Your task is to transcribe all of the data below exactly, omitting the images.

[Stored items from a collection]
+---+

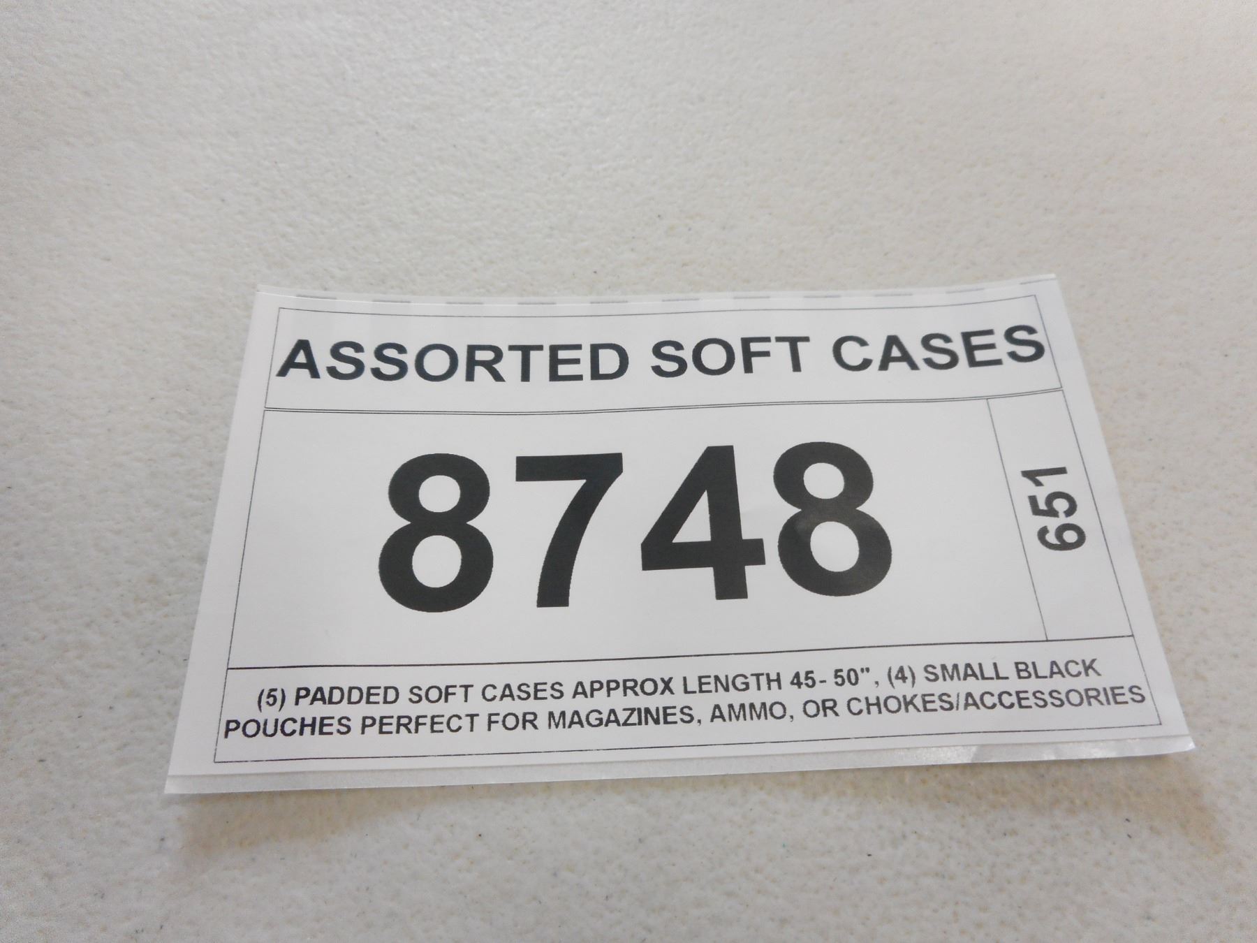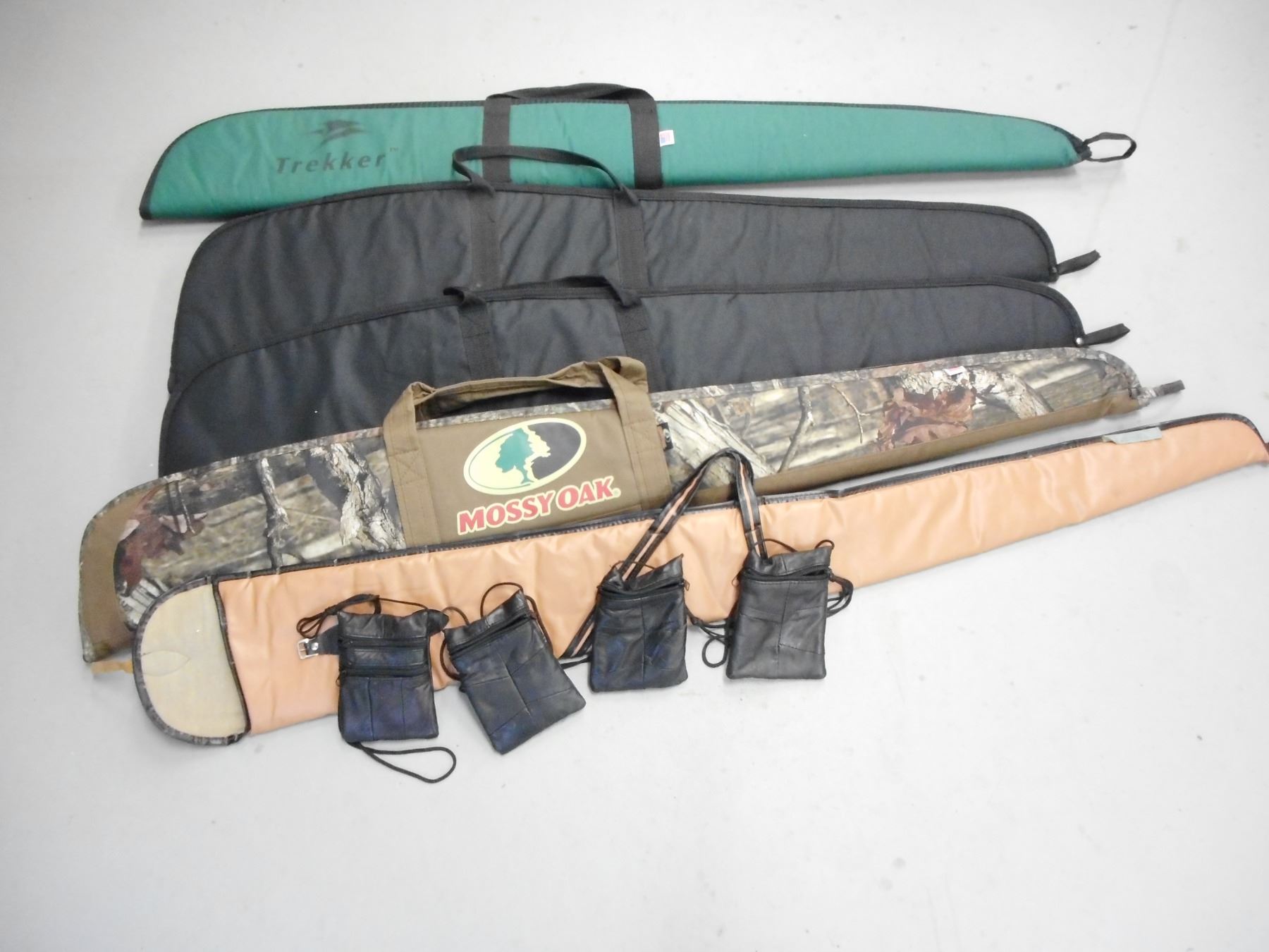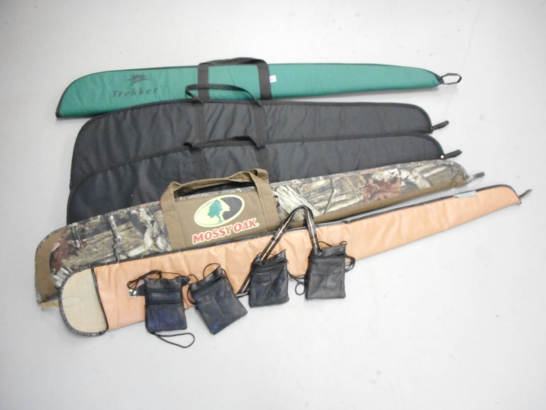 ASSORTED SOFT CASES, (5) PADDED SOFT CASES APPROX LENGTH 45- 50", (4) SMALL BLACK POUCHES PERFECT FOR MAGAZINES, AMMO, OR CHOKES/ACCESSORIES
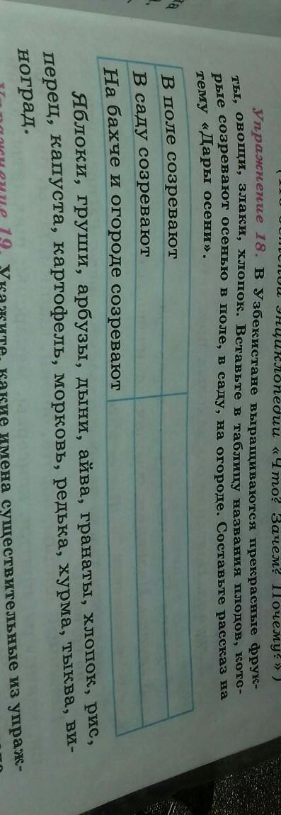 Ответ:В поле созревают : арбузы, дыни, гранаты, хлопок, отм, капуста, тыква
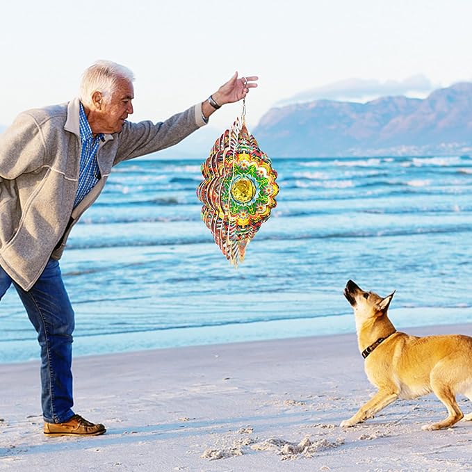 - 【<b>Vivid reflective color<b>】wind spinners are individually hand painted by epoxy protective coating with colorful sparkle powder inside to highly resist weather and rust. -Meanwhile,the reflective colorful glitter material gives off a sparkling, captivating and magical 3D visual effect, its beautiful light reflecting and attractive view whatever in night or day, wherever room or garden.
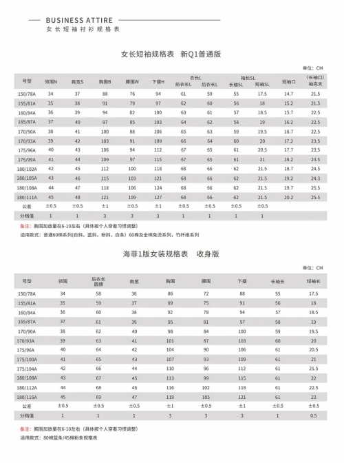 女长短袖规格表
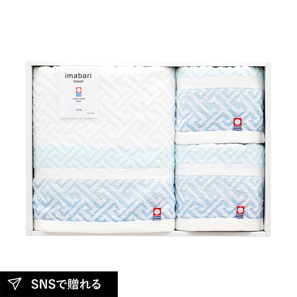 清潔感のある色合いで使い勝手の良いタオル。日本有数のタオル生産地今治の伝統的手法からうみだされた心地の良いタオルです。古くから伝わる小紋柄で織り上げました。どなたにも喜ばれるタオルセットです。
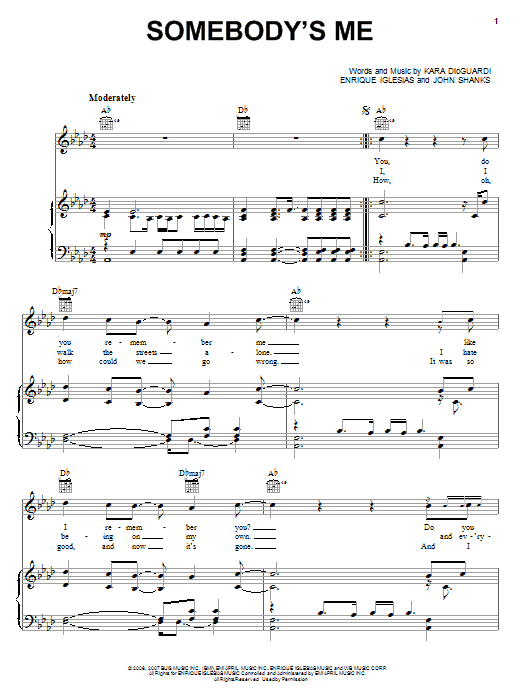 Download or print Enrique Iglesias Somebody's Me sheet music, chords and digital score arranged for Piano, Vocal & Guitar Chords (Right-Hand Melody). This Pop score includes 6 page(s).
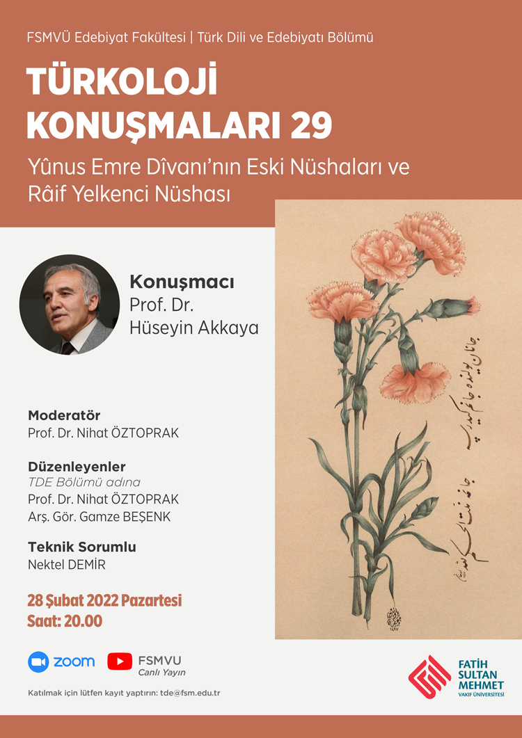 Türk Dili ve Edebiyatı Bölümü tarafından düzenlenen uzun soluklu konuşma dizisi Türkoloji Konuşmaları 29. programı ile kaldığı yerden devam ediyor. "Yûnus Emre Dîvanı'nın Eski Nüshaları ve Râif Yelkenci Nüshası” konu başlığıyla, Prof. Dr. Hüseyin Akkaya'nın katılımıyla 28 Şubat 2022, Zoom ve FSMVÜ YouTube hesabında düzenlenecektir.
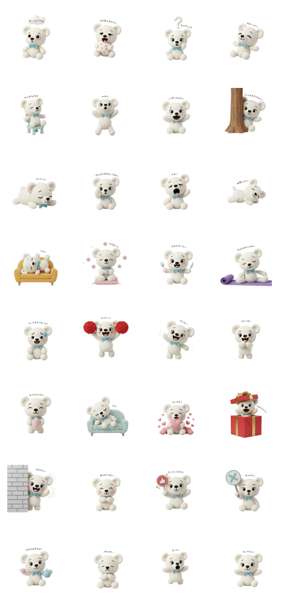| スタンプ説明 | のほほんと暮らすクマさんの日常の1コマを集めたよ♡ なぜか周りもゆったりとした気持ちにさせてしまうのが得意! |
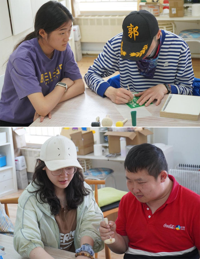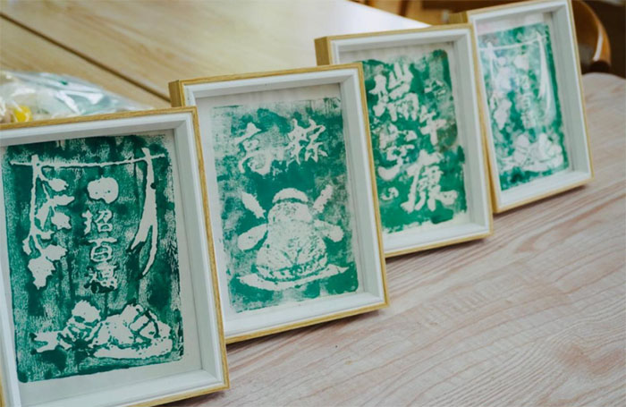 活动室里,墨香与颜料的气息交织,实践队员们化身耐心的“艺术助教”,一对一、手把手地陪伴在孩子们身边。当蘸满颜料的拓包轻轻按压在纸面,空白的画纸瞬间跃动起节日气息……每一幅拓印画都是独一无二的“星语”表达,饱含着孩子们对创作的投入,以及与队员之间那份悄然建立的信任与连接。

+---+

-- SOLUTION --
 ASSORTED SOFT CASES, (5) PADDED SOFT CASES APPROX LENGTH 45- 50", (4) SMALL BLACK POUCHES PERFECT FOR MAGAZINES, AMMO, OR CHOKES/ACCESSORIES
 Ответ:В поле созревают : арбузы, дыни, гранаты, хлопок, отм, капуста, тыква
 - 【<b>Vivid reflective color<b>】wind spinners are individually hand painted by epoxy protective coating with colorful sparkle powder inside to highly resist weather and rust. -Meanwhile,the reflective colorful glitter material gives off a sparkling, captivating and magical 3D visual effect, its beautiful light reflecting and attractive view whatever in night or day, wherever room or garden.
 女长短袖规格表
 清潔感のある色合いで使い勝手の良いタオル。日本有数のタオル生産地今治の伝統的手法からうみだされた心地の良いタオルです。古くから伝わる小紋柄で織り上げました。どなたにも喜ばれるタオルセットです。
 Download or print Enrique Iglesias Somebody's Me sheet music, chords and digital score arranged for Piano, Vocal & Guitar Chords (Right-Hand Melody). This Pop score includes 6 page(s).
 Türk Dili ve Edebiyatı Bölümü tarafından düzenlenen uzun soluklu konuşma dizisi Türkoloji Konuşmaları 29. programı ile kaldığı yerden devam ediyor. "Yûnus Emre Dîvanı'nın Eski Nüshaları ve Râif Yelkenci Nüshası” konu başlığıyla, Prof. Dr. Hüseyin Akkaya'nın katılımıyla 28 Şubat 2022, Zoom ve FSMVÜ YouTube hesabında düzenlenecektir.
| スタンプ説明 | のほほんと暮らすクマさんの日常の1コマを集めたよ♡ なぜか周りもゆったりとした気持ちにさせてしまうのが得意! |
 活动室里,墨香与颜料的气息交织,实践队员们化身耐心的“艺术助教”,一对一、手把手地陪伴在孩子们身边。当蘸满颜料的拓包轻轻按压在纸面,空白的画纸瞬间跃动起节日气息……每一幅拓印画都是独一无二的“星语”表达,饱含着孩子们对创作的投入,以及与队员之间那份悄然建立的信任与连接。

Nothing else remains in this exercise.